Уязвимость против угрозы
Риск, угроза и уязвимость - термины, используемые в связи с безопасностью системы или бизнес-модели. Эти термины также часто путают, особенно уязвимость и угроза. Уязвимость присуща человеку, машине, системе или даже всей инфраструктуре. Это похоже на пресловутую ахиллесову пяту, которую используют противники или люди со злым умыслом для создания угрозы или восприятия угрозы. Несмотря на такую четкую разницу, многим трудно провести различие между этими двумя терминами, и они часто путают угрозу и уязвимость. Эта статья пытается развеять сомнения читателей относительно угроз и уязвимостей.

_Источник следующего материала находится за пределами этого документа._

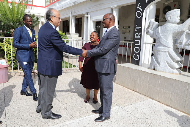 Mtendaji Mkuu wa Mahakama ya Tanzania, Prof. Elisante Ole Gabriel (kulia) akisalimiana na Mkurugenzi wa Kanda ya Afrika anayeshughulikia Ukuzaji wa Uchumi na Taasisi kutoka Benki ya Dunia (WB), Bw. Asad Alam alipowasili katika Ofisi ya Mtendaji huyo  iliyopo Mahakama ya Rufani jijini Dar es Salaam. Mkurugenzi huyo amefanya ziara fupi ya kutembelea Mahakama.
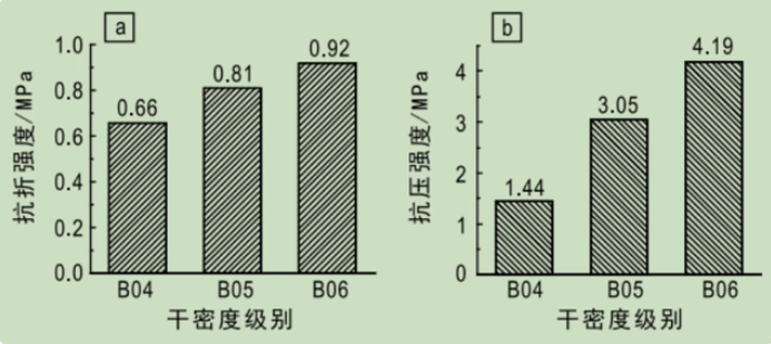 ▲ 不同干密度級別砂加氣混凝土抗折和抗壓強(qiáng)度

Если человек направляет на вас пистолет, он создает для вас реальную угрозу. Но если вы выстрелите в человека первым, вы устраните угрозу. Однако вы по-прежнему будете уязвимы для таких атак в будущем. Но если вы носите пуленепробиваемую куртку, вы снижаете свою уязвимость, хотя угрозы для вас все равно остаются в виде людей, которые могут попытаться причинить вам вред.
Угроза
Угроза является внешней по отношению к системе и может быть реальной или предполагаемой. Это потенциальная причина вреда или нежелательного воздействия на человека, организацию или систему. Угроза пытается воспользоваться уязвимостью или слабостью, присущими системе. Например, хакеры, вирусы и вредоносное программное обеспечение представляют собой угрозы для вашего компьютера из Интернета, если вы не установили сильный антивирус, делающий ваш компьютер уязвимым для таких атак или угроз.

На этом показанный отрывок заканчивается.